Но Феликс его уже не слышал. Он нёсся на крыльях любви в поисках своей отрады Гринёвой.

* * *

Гринёву он нашёл мгновенно. И рыскать не надо было. Достаточно было сунуть нос в бар на сорок восьмом этаже и услышать её искромётный смех.

Она сидела в компании Глеба Исакова и ещё двух незнакомых прощелыг от журналистики с прыщами на шее и с липкими, потными ручками и заразительно смеялась точно так же, как с ним – Феликсом Родионовым. Такое, разумеется, не прощается, такое разрывает сердце напрочь. «Боже мой, что со мной? – удивился он, испытывая страшную муку. – Значит, она со всеми такая, похолодел он, как рыба. А я уже было хвост распушил, а я уже понадеялся на вечную, пламенную любовь».

Поэтому он, стиснув зубы, сделал вид, что не заметил её компании, а с каменным лицом и деревянной походкой прошествовал в противоположный угол и для начала заказал себе джин с тоником. Любил он этот напиток, не подделку в банке, а настоящий, сборный, из натуральных ингредиентов. Нравился ему горьковатый вкус и чувство легкого опьянения после десятого глотка. И только тогда, когда ощутил, что его медленно, но верно отпускает, набрался смелости и взглянул туда, где сидела она, но, конечно же, её не разглядел – мешала толпа. Зато услышал задорный, серебристый смех, готовый перейти в чистое контральто. В этот самый момент бар инстинктивно замирал и три десятка самцов прикидывали своим умишком, как бы переспать с Гринёвой, но так, чтобы она не заметила. Этого вынести было невозможно. Это было выше его сил – слушать, как она смеётся и как, настораживаясь, все они её слушают, в том числе старая, испитая Мика Ямамото, как будто она понимала, что происходит. «Спокойно, Бонифаций, спокойно, – сказал он сам себе, – забудь о ней!» Он глубоко вздохнул, как перед прыжком с парашютом, хотя никогда не прыгал выше, чем с трёх с половиной метров, да и то с закрытыми глазами. Напьюсь, подумал он, дурея от одних мыслей, напьюсь. И тут же голос второго человека произнёс: «Езжай-ка зарабатывай бабло! Нечего сопли распускать. Пользуйся моментом». Однако он ничего не успел возразить. Возражать против очевидного было глупо и даже опасно ввиду острого рецидива влюблённости.

– А вот кто знает всё! – воскликнул кто-то и больно ударил Феликса по плечу.

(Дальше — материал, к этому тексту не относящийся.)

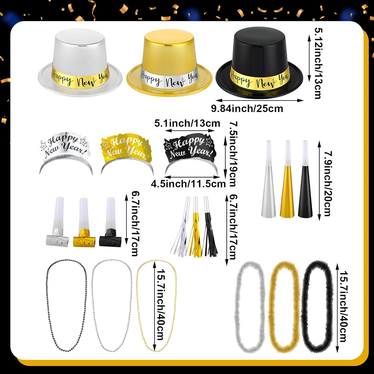 Features: New Year's Eve favors sets: you will get 126 pieces of New Year's Eve supplies, and serves 36 guests; Includes 18 pcs Happy New Year Top Hats with bands, 18 pcs Happy New Year glitter tiaras, 12 metallic fringed noise makers, 12 foil horns with white mouthpieces in assorted colors, 12 blowout noisemakers;36 pcs Happy New Year beads necklaces, 18 leis necklaces, adequate supplies will meet your decorations needs Sufficient pack: You can wear these beautiful New Year decorations with your relatives or adult friends, share the happiness of the new year together, and spend unforgettable times together. Hand out these New Year noisemakers as favors for all your guests and family to add some fun and cheer, Our glamorous New Year's Eve set will dress you up at your party with our cute gold, silver, and black must have accessories. Specifications: Material: plastic and paper Color: as the pictures show Size: as the pictures show Package: 18 x Cone hats 18 x Happy New Year tiaras 12 x Metallic fringed noise makers 12 x Metallic fringed noise makers 12 x Foil horns with white mouthpieces 36 x Party necklaces 18 x Leis Warm notes: Manual measurement, please allow slight errors on size. The color may exist slight difference due to different screen display

Сжав челюсти, Феликс развернулся, чтобы заехать наглецу в пах, но это оказался всё тот же самый Джон Кебич с испанцем Виктором Бергамаско. Однако успокоился: на шикарных брюках Джона Кебича за полторы тысячи долларов расплывалось огромное пятно то ли от кофе, то ли от плохого коньяка. «Не того ли, который я вожу?» – с удовлетворением подумал Феликс.

– Сиди, ты нам нужен! – продолжал кричать Джон Кебич так, чтобы все присутствующие в баре слышали. – Знакомься, Виктор!

– А мы знакомы, – буркнул Феликс, плюхаясь на место, и действительно вспомнил, что два года назад в Мадриде они пропивали гонорар фотографа и устроили борьбу на руках прямо в трактире «Ля Куарда» под пиками монастыря Эскориал, и Феликс, к его огромному удивлению, выиграл не только у Джона Кебича, но и у его друга-фотографа, человека-горы, а точнее, Виктора Бергамаско, который на радостях потащил их к себе в мастерскую на Маласана, похожую на лабиринты, и подарил Феликсу свою картину, которая называлась «Поцелуй в подворотне», а на самом деле картину надо было назвать «Жёлтый переулок под красными крышами». С тех пор она висит у него в квартире над телевизором. Пара-тройка его приятелей, из тех, кто воображал, что разбирается в живописи, возжелали её купить и предлагали хорошую цену, но Феликс не уступал. Благо, в картине было нечто свежее, необычное, что не бывает в ширпотребе ни на Пласа-Майор, ни на Трафальгарской площади в Лондоне, не говоря уже о московских бульварах. А одна девица специально проникла под предлогом любовных утех в квартиру к Феликсу, чтобы только стащить шедевр. Естественно, у неё ничего не вышло, потому что Феликс бдел денно и нощно за драгоценностью и застраховал её на всякий случай на крупную сумму. Странно, что после девицы больше никто не покушался на его «испанский переулок», как говорили в узких кругах, близких к журналистике. Впрочем, это уже стало анекдотом «Феликс Родионов и его картина», который целый год муссировался в курилках газет. Даже сейчас его не забыли.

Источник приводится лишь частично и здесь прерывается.